Прочерчивая по земле, по крышам домов пунктиры, захожу в третий или четвёртый раз. И тут – эта девчонка. Сидит посреди улицы, тормошит лежащую в пыли женщину, видимо, маму, из виска которой сочится кровь, и рыдает. Вдруг девочка подняла голову. И мокрые от слёз глаза устремились на меня. В них не было страха, в них была только боль и укор. Казалось, она посмотрела прямо в мои глаза. Её взгляд обжёг меня. Доли секунды – и я успеваю убрать палец с гашетки. И улетаю.

Это был конец. Конец моей войны. Я увидел то, чего не должен был видеть. В программе, настроенной на войну, на ненависть, что-то сломалось. В неё попал вирус – вирус жизни, любви, жалости... Я уже знал, что меня собьют. Оставался только вопрос: когда? Всю следующую неделю мне везло. Уже вторая неделя пошла. Неужели, думаю, простили…

Надо было забросить продукты и боеприпасы в блокпост, находящийся высоко в горах. Мы уже подлетали к цели, я видел сооружения блокпоста. Как вдруг за камнями что-то блеснуло. Прицеливаюсь, а в окуляре – глаза той девочки. Секунда замешательства, и меня подбросило. Кабина наполнилась едким дымом. Вертолёт камнем пошёл вниз…

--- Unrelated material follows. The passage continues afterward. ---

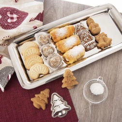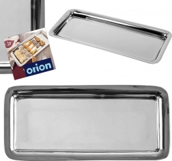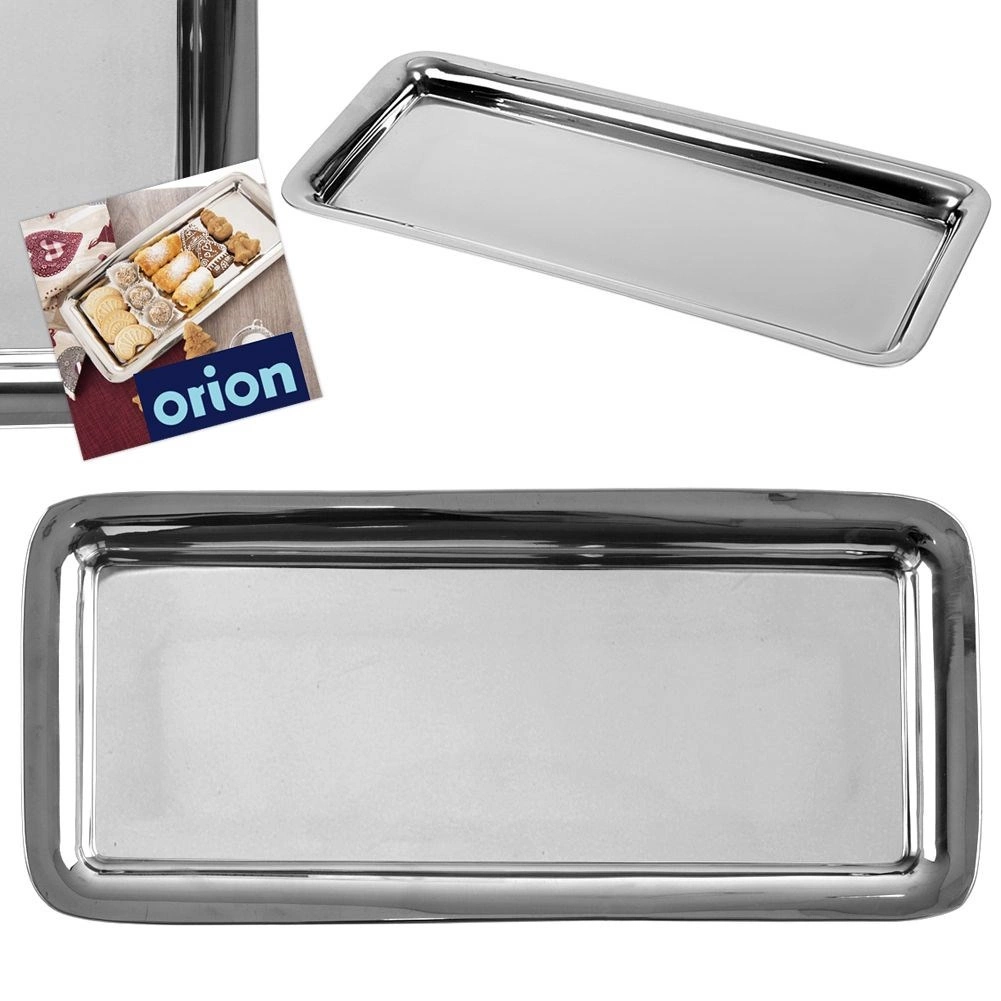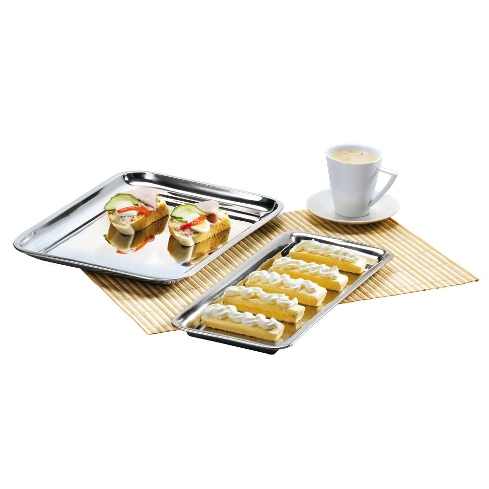 Praktyczna prostokątna taca z wysokiej jakości stali nierdzewnej w eleganckim srebrnym wykończeniu. Idealna do serwowania kanapek, kanapeczek, przystawek, ciastek i deserów. Dzięki podwyższonemu brzegowi wygodnie się nią manewruje, a jedzenie pozostaje bezpiecznie na miejscu.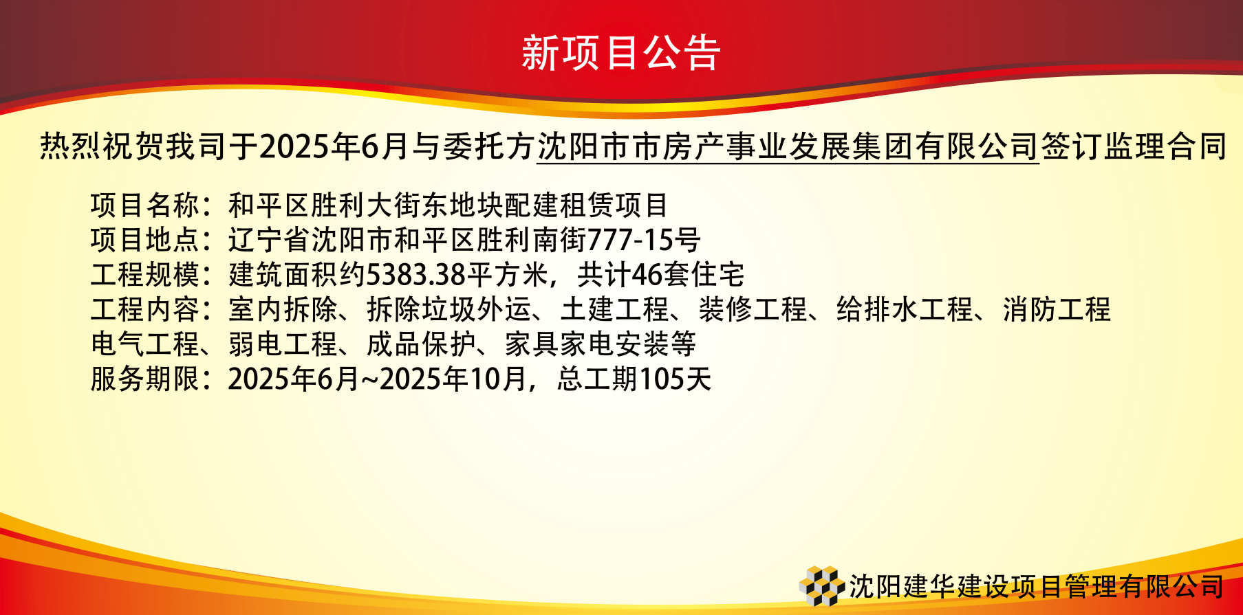 2025年6月与委托方沈阳市市房产事业发展集团有限公司签订监理合同

На базу сообщили, что я погиб. Везли как мёртвого. Только когда начали вытаскивать из вертолёта, кому-то из друзей показалось, что у меня дрогнула ресница... В госпитале заново собрали из частей...

Нугман сел, по-мусульмански скрестив ноги. Протянув руку, взял из костра головню, закурил. Мы молчали. Уха уже сварилась, вода в чайнике кипела. Где-то за рекой ухала сова.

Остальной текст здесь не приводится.